The Health Quality & Safety Commission has today released their November 2012 report titled 'Making Our Hospitals Safer'.
Reporting Serious and Sentinel Events (SSEs) is an important step to improving health outcomes for New Zealanders.
In 2011/12 DHBs were asked by the Health Quality and Safety Commission to report all events, regardless of whether they were considered preventable.
This is a significant change from previous years, where some DHBs reported only those SSEs which were considered to have a preventable element.
The Bay of Plenty District Health Board reported 11 falls in the year, of which four were deemed unpreventable.
No other SSEs were reported in Tauranga and Whakatane hospitals.
The DHB is in the lowest percentile of Serious and Sentinel Events per 10,000 case-weighted discharges.
CEO Phil Cammish said his organisation works on the basis that no patient should be put at risk of falling, therefore the purpose of the BOPDHB falls prevention and management program is to:
Initiate appropriate individual interventions and strategies directed to minimise the risk.
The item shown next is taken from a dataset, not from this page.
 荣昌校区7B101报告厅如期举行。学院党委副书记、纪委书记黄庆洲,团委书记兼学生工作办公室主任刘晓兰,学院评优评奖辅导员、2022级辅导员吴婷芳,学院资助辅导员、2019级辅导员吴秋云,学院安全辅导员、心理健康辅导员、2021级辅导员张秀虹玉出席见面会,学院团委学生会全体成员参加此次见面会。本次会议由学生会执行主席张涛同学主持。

Provide learning opportunities to patients, families and staff.
Monitor, analyse and evaluate all patient falls and near misses.
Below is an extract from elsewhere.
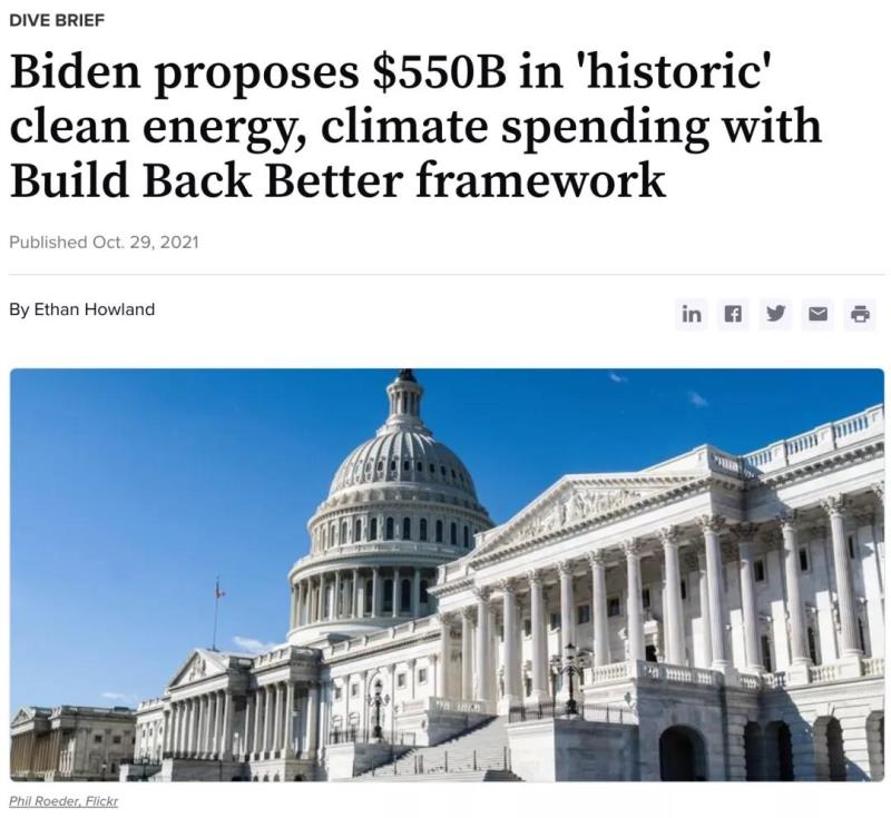 拜登向美國國會(huì)提出1.85萬億美元“重建更好”預(yù)算框架(The Build Back Better Framework),包括在10年內(nèi)撥款5500億美元用于清潔能源和氣候項(xiàng)目,預(yù)計(jì)到2030年可將溫室氣體排放量減少10億噸以上。

"The impact on the patient and their families cannot be understated if a patient has a fall resulting in a fracture. Along with the personal costs, there are financial costs to the health system."
Mr Cammish said the BOPDHB is pleased with the result and has programmes of work in place to ensure that there is further reduction in SSEs.
"While we know not all events are preventable, it is important to us and our patients that we keep risk to a minimum in our hospitals."